Wziąłem się za układanie diety.Korzystam z "biblii" odżywiania jaką jest "Żywienie w sporcie" autorstwa Anity Bean.
Wszystko jest pięknie opisane jest tylko jeden problem.Licząc według porad tej książki wychodzi mi kosmiczne zapotrzebowanie energetyczne.
Zacznę od początku.
1.Ocena swojego metabolizmu spoczynkowego
znajduje się w tabeli 10-18 lat więc powinienem wyliczyć to z:
(waga w kg x 17,5)+651
czyli
(73 x 17,5)+651
2.Obliczam swój codzienny wydatek energetyczny
a)głównie tryb siedzący(głównie siedzisz lub stoisz podczas dnia)
RMR X 1,4
b)umiarkowana aktywność(regularne szybkie chodzenie albo odpowiednik podczas dnia)
RMR X 1,7
c)bardzo duża aktywność(ogólna aktywność fizyczna podczas dnia)
RMR X 2,0
Jestem uczniem ,ale mam dużą ilość treningów podczas dnia.Który wariant przyjąć?

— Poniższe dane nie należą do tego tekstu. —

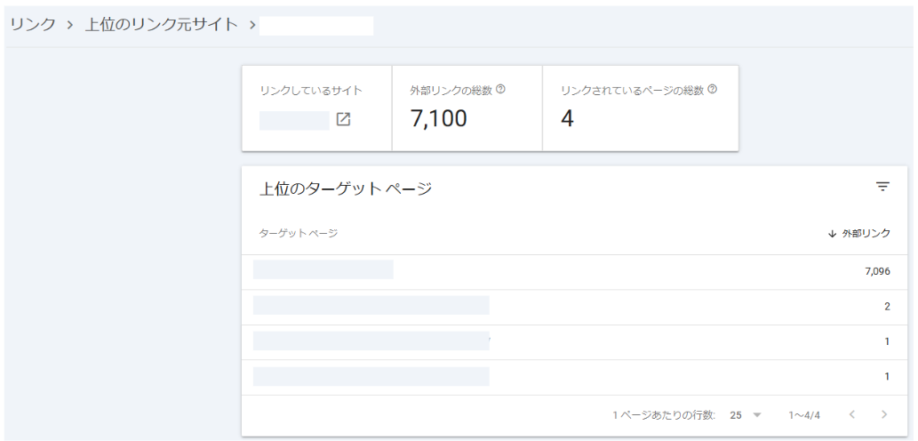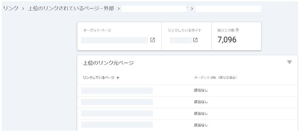 さらにターゲットページをクリックすると、その自社サイトのURLがその外部サイトのどのURLからリンクを貼られているのかを確認できます。
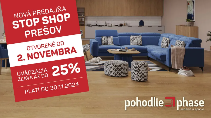 Preto sa na Vás od 2. novembra tešíme v našom showroome POHODLIE PHASE v nákupnom centre STOP SHOP PREŠOV. Zľavy platia od 2. novembra do 30. novembra 2024.

3.Ocena liczby kalorii wydatkowanej podczas ćwiczeń:
Autorka radzi wyliczyć zużycie kalorii tygodniowo i podzielić ten wynik przez 7.

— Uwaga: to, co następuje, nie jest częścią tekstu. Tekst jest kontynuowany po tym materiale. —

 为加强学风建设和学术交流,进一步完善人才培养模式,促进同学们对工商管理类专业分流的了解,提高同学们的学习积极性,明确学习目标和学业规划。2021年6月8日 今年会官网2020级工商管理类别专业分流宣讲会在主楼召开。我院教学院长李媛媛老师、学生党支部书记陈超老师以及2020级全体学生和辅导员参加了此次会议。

Problem w tym ,że zamieszczona tabela wydatku kalorycznego jest bardzo skąpa.Mógłbym prosić o jakiś dobry kalkulator z możliwością wyboru intensywności? Trenuje pływanie.
4. Dodanie liczb z punktów 2 i 3
Mogę liczyć na pomoc?
Pozdrawiam!
"Idź na całość albo idź do domu"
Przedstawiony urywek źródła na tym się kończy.